问题描述
我正在处理数据,其中每个患者都可以有不同数量的训练示例.运行 Xgboost CV 时,我想确保来自同一患者的数据仅限出现在同一折叠中,因此我需要使用折叠,其中可能有不同数量的索引.
I'm working with the data, where every patient can have different number of training examples. When running Xgboost CV I want to make sure that data from same patient is restricted to be present in same fold only, thus I need to use folds, which may have different number of indices in it.
在 xgb.cv 函数中使用 'fold' 参数传递包含索引的 numpy 数组列表时,我得到:
At the moment when passing list of numpy arrays containing indices using 'fold' parameter in xgb.cv function I get:
dtrain = dall.slice(np.concatenate([idset[i] for i in range(nfold) if k != i]))ValueError:无法连接零维数组
通过将我的自定义折叠作为列表传递,其中每个元素都是测试折叠索引的向量,我在 R 中实现了相同的过程,没有任何问题.
I have implemented same procedure in R with no problems by passing my custom folds as list where each element is a vector of test fold's indices.

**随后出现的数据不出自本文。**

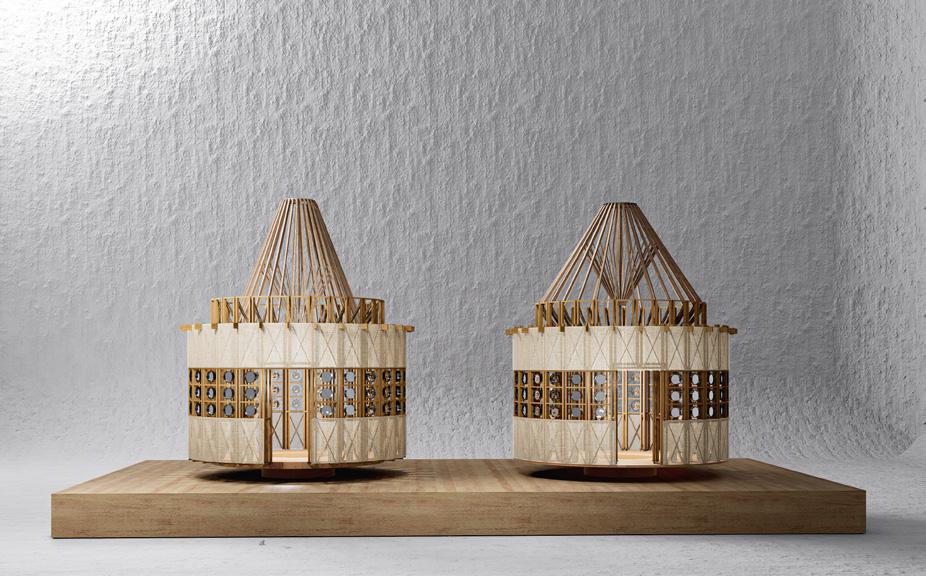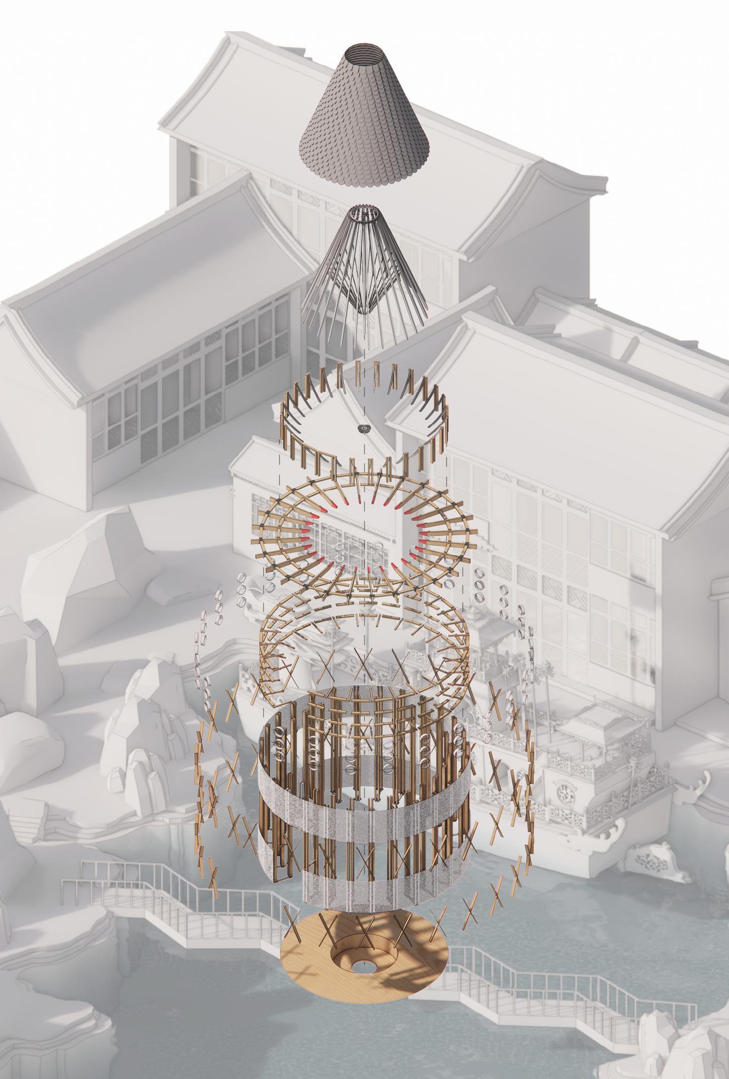 As one of the important intangible cultural heritages of Suzhou's traditional handicrafts, oil-paper umbrellas have a high degree of aesthetic accumulation and cultural literacy. At the same time, the polygonal space enclosed by the exquisitely handmade umbrella frame, umbrella handle and umbrella support has the original characteristics of architecture as a shelter (mostly seen in circles and octagons). This project uses "oil-paper umbrellas" as a carrier to re-deconstruct and re-combine the aesthetic and cultural structure of traditional intangible cultural heritage, transforming it into the top of a contemporary pavilion, maximizing the original long-standing cultural attributes and allowing viewers to feel the exquisiteness and agility of traditional Chinese craftsmanship.
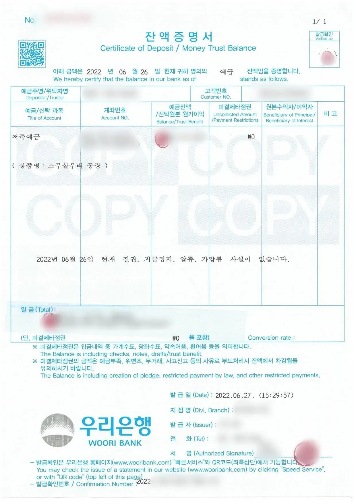 Giấy xác nhận số dư tài khoản (10 triệu won)
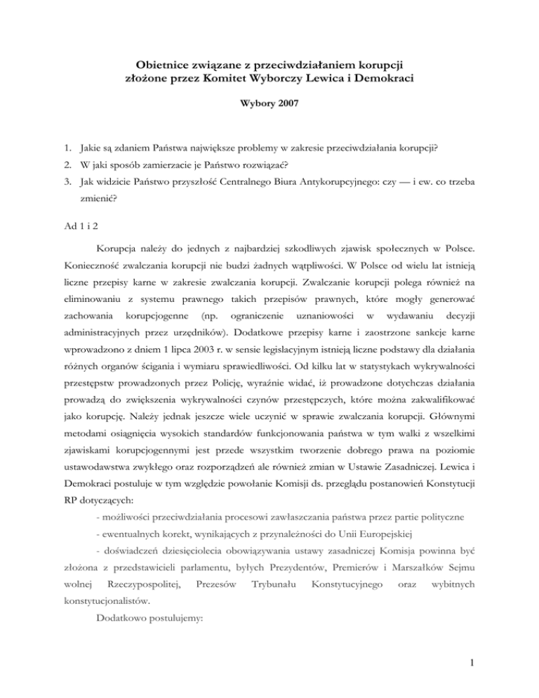 Obietnice związane z przeciwdziałaniem korupcji złożone przez Komitet Wyborczy Lewica i Demokraci Wybory 2007 1. Jakie są zdaniem Państwa największe problemy w zakresie przeciwdziałania korupcji? 2. W jaki sposób zamierzacie je Państwo rozwiązać? 3. Jak widzicie Państwo przyszłość Centralnego Biura Antykorupcyjnego: czy — i ew. co trzeba zmienić? Ad 1 i 2 Korupcja należy do jednych z najbardziej szkodliwych zjawisk społecznych w Polsce. Konieczność zwalczania korupcji nie budzi żadnych wątpliwości. W Polsce od wielu lat istnieją liczne przepisy karne w zakresie zwalczania korupcji. Zwalczanie korupcji polega również na eliminowaniu z systemu prawnego takich przepisów prawnych, które mogły generować zachowania korupcjogenne (np. ograniczenie uznaniowości w wydawaniu decyzji administracyjnych przez urzędników). Dodatkowe przepisy karne i zaostrzone sankcje karne wprowadzono z dniem 1 lipca 2003 r. w sensie legislacyjnym istnieją liczne podstawy dla działania różnych organów ścigania i wymiaru sprawiedliwości. Od kilku lat w statystykach wykrywalności przestępstw prowadzonych przez Policję, wyraźnie widać, iż prowadzone dotychczas działania prowadzą do zwiększenia wykrywalności czynów przestępczych, które można zakwalifikować jako korupcję. Należy jednak jeszcze wiele uczynić w sprawie zwalczania korupcji. Głównymi metodami osiągnięcia wysokich standardów funkcjonowania państwa w tym walki z wszelkimi zjawiskami korupcjogennymi jest przede wszystkim tworzenie dobrego prawa na poziomie ustawodawstwa zwykłego oraz rozporządzeń ale również zmian w Ustawie Zasadniczej. Lewica i Demokraci postuluje w tym względzie powołanie Komisji ds. przeglądu postanowień Konstytucji RP dotyczących: - możliwości przeciwdziałania procesowi zawłaszczania państwa przez partie polityczne - ewentualnych korekt, wynikających z przynależności do Unii Europejskiej - doświadczeń dziesięciolecia obowiązywania ustawy zasadniczej Komisja powinna być złożona z przedstawicieli parlamentu, byłych Prezydentów, Premierów i Marszałków Sejmu wolnej Rzeczypospolitej, Prezesów Trybunału Konstytucyjnego oraz wybitnych konstytucjonalistów. Dodatkowo postulujemy: 1 1. Uchwalenie przez Sejm KARTY STANDARDÓW POLITYCZNYCH. 2. Rozdzielenie stanowiska ministra sprawiedliwości i prokuratora generalnego, którym powinna zostać osoba bezpartyjna, o wysokim autorytecie moralnym (np. sędzia Sądu Najwyższego). Wprowadzimy zasadę siedmioletniej kadencyjności na tym stanowisku. Umocnimy niezależność sądów i trybunałów, anulujemy wszystkie ustawy wprowadzone przez PiS w celu ograniczenia niezależności sądownictwa. 3. Przywrócenie służby cywilnej w administracji rządowej i wprowadzenia jej w instytucjach jednostek samorządu terytorialnego. Dokonanie ustawowego określenia stanowisk o charakterze politycznym, zaś objęcie obsady pozostałych stanowisk związane będzie z procedurą jawnych, przejrzystych konkursów. 4. Publikację podstawowych danych o członkach rad nadzorczych i zarządach spółek skarbu państwa, wraz z podaniem ich ewentualnej przynależności partyjnej. Konkursy na stanowiska w zarządach tych spółek powinny być obowiązkowe. 5. Walka z korupcją odbywać się powinna przede wszystkim poprzez jawność, społeczną kontrolę i przejrzystość działań administracji. W związku z tym przewidujemy: - oparte na kompetencji zasady obsadzania stanowisk; - pełny, nieskrępowany dostęp obywateli do informacji o podstawach decyzji administracyjnych; - jawność działania ministerstw (publiczne wysłuchania w trakcie przygotowywania najważniejszych projektów ustaw, możliwość zgłaszania uwag obywatelskich w Internecie, internetowe informacje o ustaleniach kierownictw ministerstw); - obowiązkowy rejestr korzyści i oświadczenia o braku konfliktu interesów dla doradców politycznych ministrów; - zakaz prowadzenia działalności gospodarczej powodującej konflikt interesów przez kontrolerów i inspektorów państwowych oraz ich bliskich; - upowszechnienie obowiązkowych przetargów internetowych oraz w formie jawnej aukcji dla realizacji zamówień publicznych, - spółki Skarbu Państwa zostaną ustawowo zobowiązane do publikowania dorocznej informacji o wszelkich darowiznach i akcjach sponsorskich. 6. wprowadzeni zapisów zakazu łącznia mandatu posła ze stanowiskiem urzędniczym poniżej ministra-członka Rady Ministrów. Ad 3. Powołanie Centralnego Biura Antykorupcyjnego, tak jak Sojusz Lewicy Demokratycznej prezentował w trakcie prac nad projektem ustawy w Sejmie V Kadencji - zdecydowanie negatywnie wpłynęło na działania innych służb – w szczególności ABW i Policji (CBŚ), które posiadają i posiadały wcześniej ustawowo zapisane zwalczanie korupcji w zakres swoich kompetencji. Powstanie nowej „elitarnej” formacji, a szczególnie powierzenie większości zadań do tej pory realizowanych przez ABW i Policję osobom, które będą przyjmowane do pracy na 2 podstawie rozmowy kwalifikacyjnej i z kryterium posiadania wykształcenia średniego (tak zakłada ustawa o CBA), nie jest dobrym rozwiązaniem. Doprowadziło to do zamieszania organizacyjnego i kompetencyjnego, co w oczywisty sposób wiąże się z brakiem fachowego nadzoru nad prowadzonymi postępowaniami. Ponadto kompetencje operacyjno-rozpoznawcze i dochodzeniowo-śledcze w pełni dublują się w tym zakresie (na stałe) z kompetencjami Policji, (a przez pierwsze 18 miesięcy od powołania CBA) z ABW. Dobre wynagrodzenia dla starannie wyselekcjonowanych przez polityczne kierownictwo CBA funkcjonariuszy może prowadzić w perspektywie czasowej do przekształcenia CBA w instrument walki politycznej przeciwko „niewygodnym” osobom stojącym po przeciwnej stronie sceny politycznej. Dodatkowo należy zaznaczyć, że ustawa narusza w wielu miejscach Konstytucję RP, ograniczając konstytucyjne prawa i wolności obywatelskie
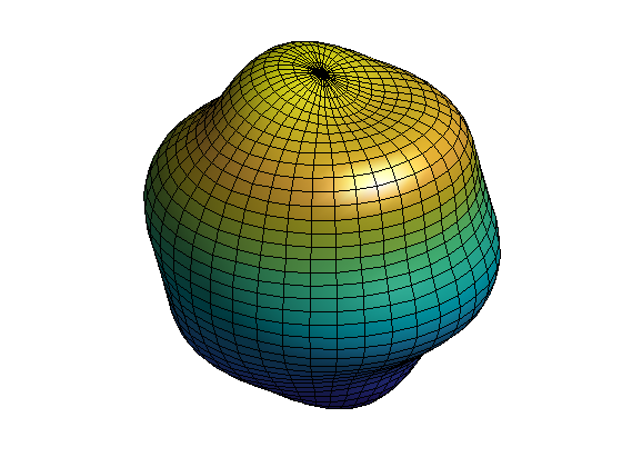 degree = 6; order = 1; amplitude = 0.5; radius = 5; Ymn = legendre(degree,cos(theta(:,1))); Ymn = Ymn(order+1,:)'; yy = Ymn; for kk = 2: size(theta,1) yy = [yy Ymn]; end yy = yy.*cos(order*phi); order = max(max(abs(yy))); rho = radius + amplitude*yy/order; r = rho.*sin(theta); % convert to Cartesian coordinates x = r.*cos(phi); y = r.*sin(phi); z = rho.*cos(theta);
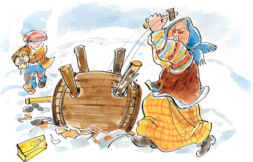Бабушка начала толкать и раскачивать бочку, а потом позвала на помощь и Мортена. Они вдвоём налегли на неё. Неожиданно бочка освободилась от ледяного плена и покатилась по земле. За ней покатились и бабушка с Мортеном.
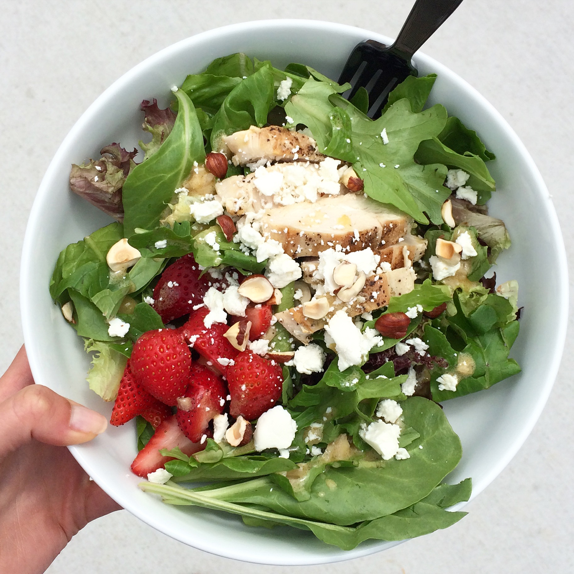I assembled this lunch salad at the office and everyone kept telling me how good it looked. Which is the total opposite of what they usually say about the lunches I bring. It’s just chicken breast slices, strawberries, goat cheese, hazelnuts and this simple vinaigrette, that’s totally my new go-to dressing. And you know what? That salad was pretty fricken good!
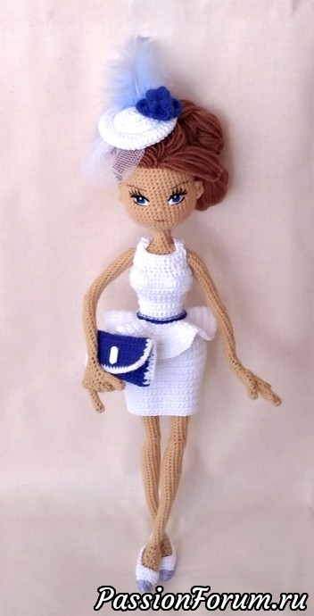 Кукла связана крючком из акриловой пряжи, одежда снимается. Мягконабивная, глаза вышиты, волосы крепко пришиты. Подойдет для украшения интерьера, для игр и как подарок. Возможна нежная мокрая чистка, сушить без отжима и скручивания.
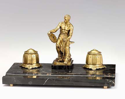 BRONZE INKWELLFeb 19, 2026Antique Bronze Figural Inkwell5 days LeftPASQUINO GROUP BRONZE AND MARBLE INKWELLMar 07, 2026Friedrich Gornik (Austrian 1877-1943) InkwellFeb 22, 2026Ferdinand Lugerth (Austrian 1885-1915) Bronze InkFeb 22, 2026Gilt Bronze and Marble Desk Set, 19th c., H.- 3 in., W.- 12 in., D.- 10 in.Feb 27, 2026Four Piece Inkwell GroupFeb 21, 2026A NEOCLASSICAL STYLE MANTLE CLOCK, FRENCH, MID 19TH CENTURY,Feb 21, 2026Bronze and Marble Antique Cherub Inkwell4 days LeftA FRENCH BRONZE EGYPTIAN REVIVAL INKWELL MANTEL CLOCK, 19TH CENTURY3 days LeftA Caldwell & Co. Renaissance Style Bronze Inkwell4 days LeftContinental Art Deco Bronze Black Portor Marble Desk SetMar 15, 2026A BRONZE-GILT CENSER WITH STANDMar 01, 2026Antique Brass Neoclassical Style Double InkwellFeb 25, 2026Vintage Inkwell with Glass Liner3 days LeftBRASS SIGNAL CANNON DESK STANDISH 20th Century Height 5.5". Width 17.5". Depth 11.25".Feb 26, 2026
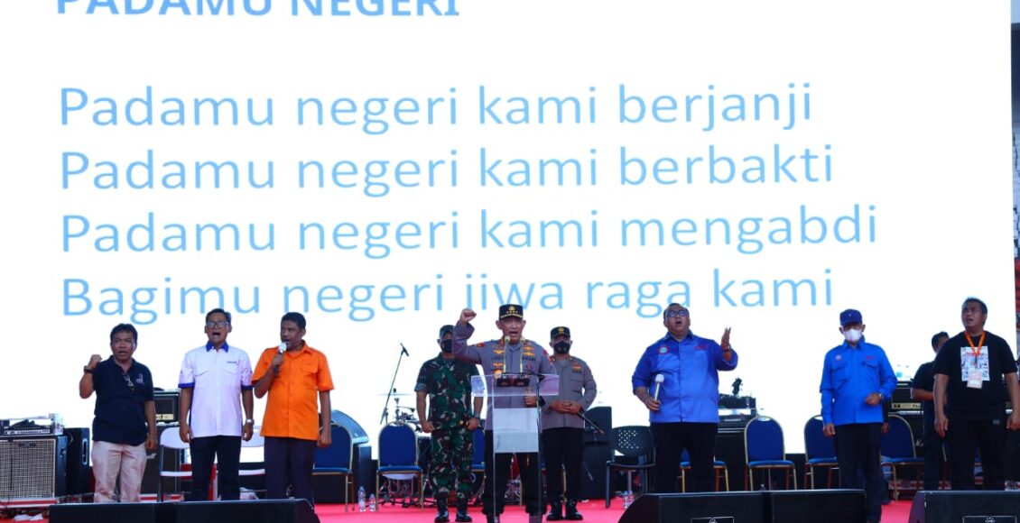 Sebelum mengakhiri sambutannya, Sigit pun memimpin para buruh untuk menyanyikan salah satu lagu wajib nasional berjudul Bagimu Negeri. Kapolri dan buruh pun larut bernyanyi bersama di acara tersebut.(Red/Hum)

您能否建议将自定义索引传递给 Python XGBoost CV 函数的正确方法是什么.谢谢!
Could you please advice what is the proper way to pass custom indices to Python XGBoost CV function. Thanks!
推荐答案
这已经过时了,但当我遇到类似问题时,我在谷歌搜索上找到了答案.
This is old but I am putting down an answer as it came up for me on google search, when I was having a similar problem.
我想将 TimeSeriesSplit 与 xgboost cv 一起使用,但无法直接使用,因为 folds 参数需要 KFold 或 StratifiedKFold,但是,您可以将自己的索引列表作为元组列表提供,如下所示
I wanted to use TimeSeriesSplit with xgboost cv but couldn't do it directly as the folds parameter expects KFold or StratifiedKFold, however, you can give your own list of indices as a list of tuples as shown below
train1 = [0, 1, 2, 3, 4]
test1 = [4, 5, 6, 7, 8]
train2 = [9 ,10 ,11 ,12 ,13]
test2 = [14, 15, 16, 17, 18]
train3= [19, 20, 21, 22, 23, 24]
test3 = [25, 26, 27, 28, 29, 30]
tsFolds = [(train1, test1), (train2, test2), (train3, test3)]
xgbCV = xgb.cv(
params = parameters,
dtrain = trainDMat,
num_boost_round = num_boost_round,
nfold = len(tsFolds),
folds = tsFolds,
metrics = {'rmse'},
early_stopping_rounds = early_stopping_rounds,
verbose_eval = True,
seed = seed
)
这篇关于带有自定义折叠 python 的 xgboost CV的文章就介绍到这了,希望我们推荐的答案对大家有所帮助,也希望大家多多支持!